══ Data supplied ══

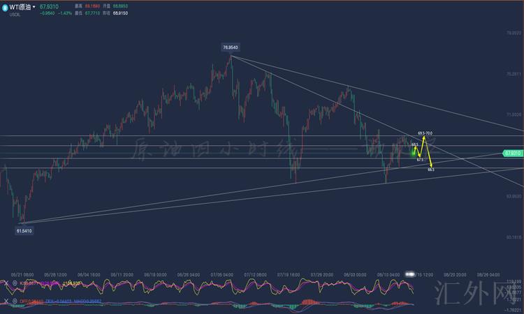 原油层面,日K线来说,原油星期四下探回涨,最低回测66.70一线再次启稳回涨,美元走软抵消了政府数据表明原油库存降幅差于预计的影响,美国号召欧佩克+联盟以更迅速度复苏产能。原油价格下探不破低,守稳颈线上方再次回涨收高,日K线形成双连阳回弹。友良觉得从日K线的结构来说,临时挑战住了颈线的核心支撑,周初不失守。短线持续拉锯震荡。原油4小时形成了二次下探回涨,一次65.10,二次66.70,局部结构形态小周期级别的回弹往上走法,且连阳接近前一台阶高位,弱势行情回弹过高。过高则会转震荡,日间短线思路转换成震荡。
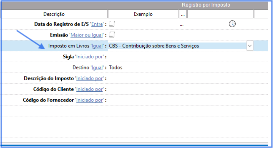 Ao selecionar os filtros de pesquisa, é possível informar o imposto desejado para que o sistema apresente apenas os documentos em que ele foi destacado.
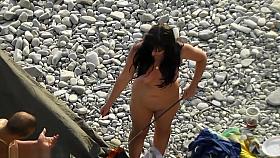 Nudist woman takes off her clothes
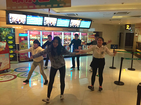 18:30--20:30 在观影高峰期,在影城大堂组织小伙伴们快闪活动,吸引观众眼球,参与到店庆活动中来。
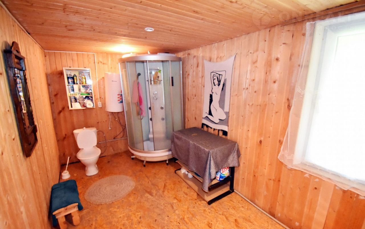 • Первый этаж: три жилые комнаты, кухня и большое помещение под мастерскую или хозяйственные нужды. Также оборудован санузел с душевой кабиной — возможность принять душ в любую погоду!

═══
══ Data supplied ══

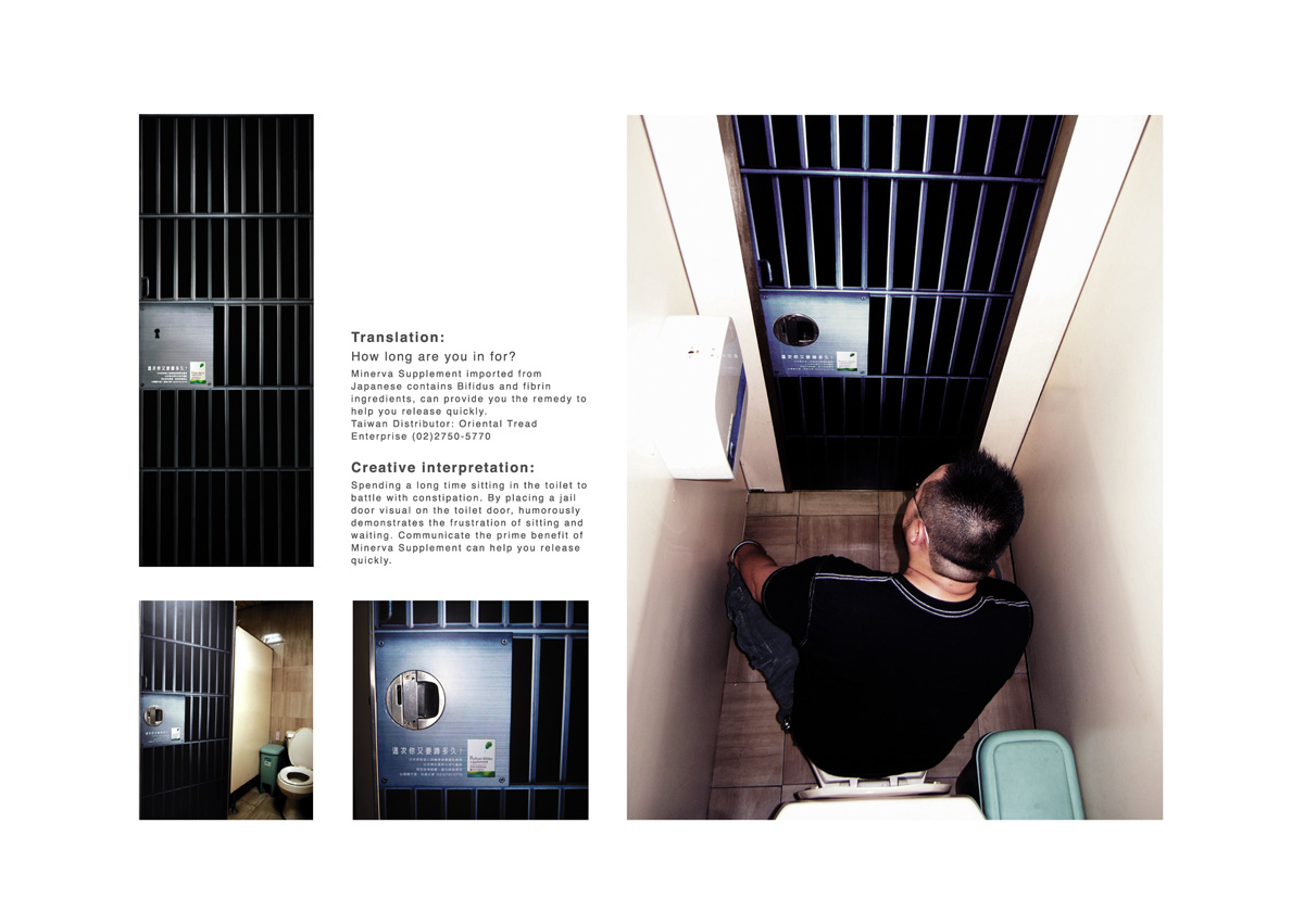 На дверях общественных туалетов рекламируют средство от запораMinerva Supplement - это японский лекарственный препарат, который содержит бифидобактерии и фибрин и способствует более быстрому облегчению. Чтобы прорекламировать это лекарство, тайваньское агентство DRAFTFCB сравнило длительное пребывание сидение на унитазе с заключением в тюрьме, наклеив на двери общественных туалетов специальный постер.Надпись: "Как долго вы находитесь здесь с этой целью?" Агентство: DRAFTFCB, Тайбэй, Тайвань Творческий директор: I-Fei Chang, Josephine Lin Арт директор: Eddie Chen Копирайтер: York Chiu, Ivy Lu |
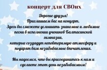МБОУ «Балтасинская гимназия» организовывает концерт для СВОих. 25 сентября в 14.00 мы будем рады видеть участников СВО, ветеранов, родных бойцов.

═══
══ Data supplied ══

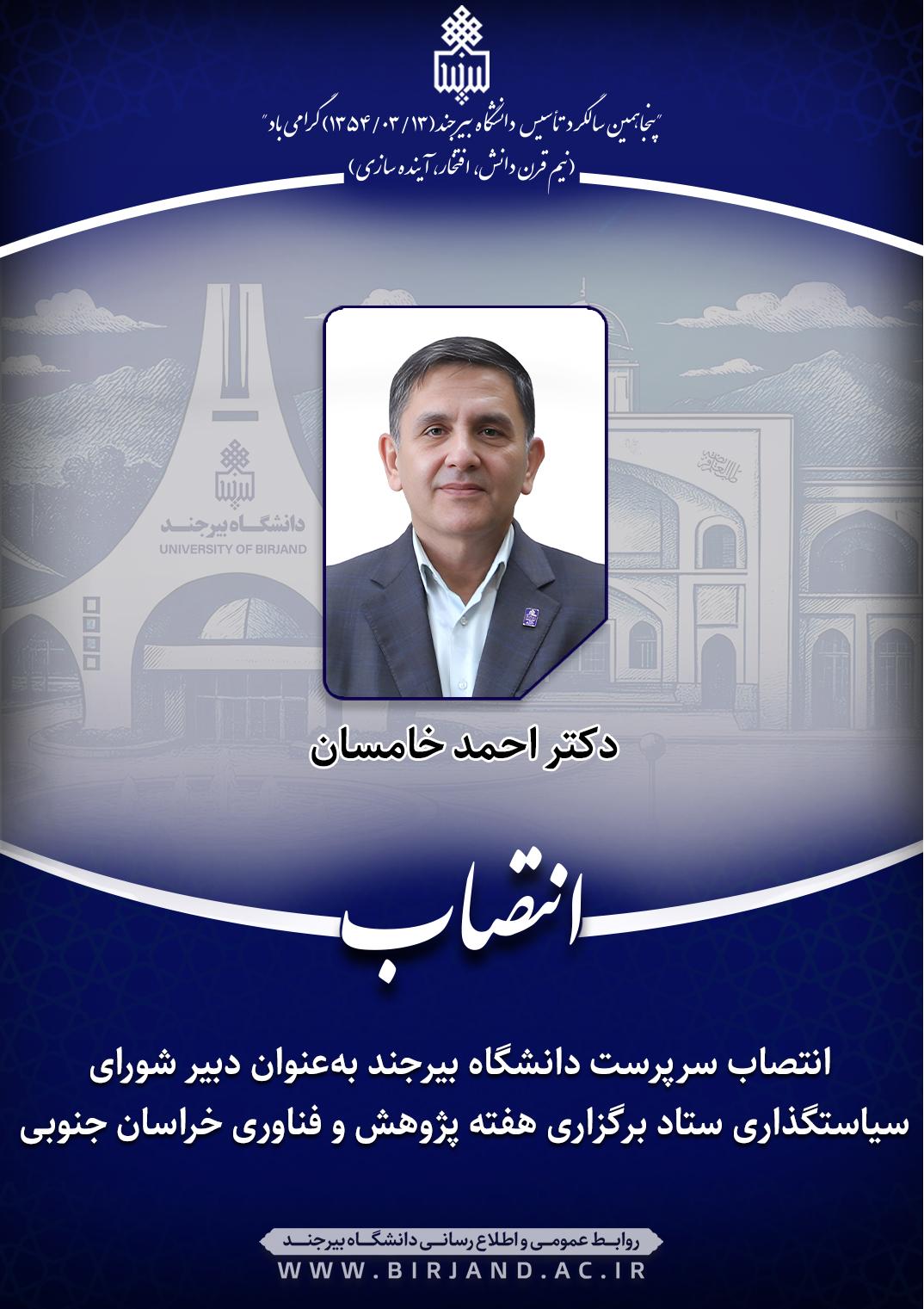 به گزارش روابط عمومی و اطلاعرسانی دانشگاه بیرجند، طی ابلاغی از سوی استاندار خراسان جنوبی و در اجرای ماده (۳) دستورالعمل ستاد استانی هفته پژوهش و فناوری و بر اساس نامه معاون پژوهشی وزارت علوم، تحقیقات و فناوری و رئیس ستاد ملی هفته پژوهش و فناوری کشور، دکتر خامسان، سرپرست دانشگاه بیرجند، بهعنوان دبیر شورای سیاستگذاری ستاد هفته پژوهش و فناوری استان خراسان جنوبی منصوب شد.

═══

• _What to do_
Only the lines starting at the one with "原油层面,日K线来说,原油星" and ending at the one with "Ao selecionar os" should be printed, each exactly as it appears in the material above; the pictures are to be omitted.

• _Output below_
 原油层面,日K线来说,原油星期四下探回涨,最低回测66.70一线再次启稳回涨,美元走软抵消了政府数据表明原油库存降幅差于预计的影响,美国号召欧佩克+联盟以更迅速度复苏产能。原油价格下探不破低,守稳颈线上方再次回涨收高,日K线形成双连阳回弹。友良觉得从日K线的结构来说,临时挑战住了颈线的核心支撑,周初不失守。短线持续拉锯震荡。原油4小时形成了二次下探回涨,一次65.10,二次66.70,局部结构形态小周期级别的回弹往上走法,且连阳接近前一台阶高位,弱势行情回弹过高。过高则会转震荡,日间短线思路转换成震荡。
 Ao selecionar os filtros de pesquisa, é possível informar o imposto desejado para que o sistema apresente apenas os documentos em que ele foi destacado.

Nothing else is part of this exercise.